Yesterday and today I've been trying to be in a better mood and fight the hormonal rampages but it's tough.
I have cramps, I feel empty and drained and I still want to scream at someone, well actually punch them in the guts!
I don't feel hungry but maybe having some cheese and crackers will help my tum tum settle down?!
I thought today, let's try and have fish and see if I like that particular version of the sandwich spread, Princes salmon but I forgot one tiny, teensy, itty bitty fact.......
It's in a tiny jar and I can't open it. Ugh my strength is getting weaker, day by day.
I am forgoing that plan and just going with something that I can open easily, which is the cheese.
Even though it's not something I can control, I still feel disappointed in myself when I can't do things.
I wonder if other sick people feel like that or if they just accept it and move on?
Yesterday she kept saying see a Doctor, like it's just easy, to go in and make an appointment and get the help I need.
One, appointments are like gold dust, extremely rare, I know as Mama has been trying to get one, to get a referral to treat herself and it's been near impossible.
Secondly just to put myself out there, re-tell my story, my symptoms and angst and be looked upon like I am dirt, who is just giving a feeble sob story and wasting their time, kills me.

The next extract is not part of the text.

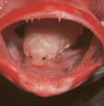 Parasites are organisms that live on or within another organism, called the “host.” Most fish species are susceptible to worm infestations but a few species, particularly those in sharks and fishes in the grouper, amberjack, and drum families, appear to be more susceptible to them. Larger, older fish can acquire many parasites over the course of their lives. Though they appear to be very intrusive, parasites rarely cause health complications for the fish. Although most commonly seen by anglers in the muscle, parasitic worms can live in every organ. For example the ovary of this grouper is inhabited by large, red nematodes or “roundworms.” In general, parasite density and diversity can be good indicators of the overall health of a marine environment. Fish possessing a high diversity of species of parasites in relatively low abundances are commonly found in healthy marine systems. Also see the article Fish and Parasites |
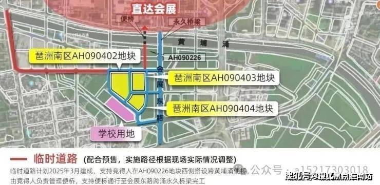 一是临时道路,会搭设黄埔涌便桥,连接琶洲中区,计划2025年约一季度建成;

Doctors made me feel like I was losing my mind. I questioned my own sanity because they said I was all fine and there was nothing wrong.
Is it any wonder, why I don't want to go through that crap??? I have to prop myself up and just be strong, all the flipping time.
I can't do it. I don't wish to serve myself up to the devil doctors, only to be dismissed, yet again.
I'm waiting for my phone to install a software update, I doubt it will be android 15.
I think I will go on pay as you go, when my contract ends but I'm not completely sure.
At least with contracts I can get a free phone every few years. Ugh EE has changed the website and I can't get my billing information to see when the renew date is, I guess I will call them at some point.
I found a new show Sight Unseen, about a woman losing her sight, who is a cop and hasn't adjusted to it so doesn't want to use a cane, or a poochy.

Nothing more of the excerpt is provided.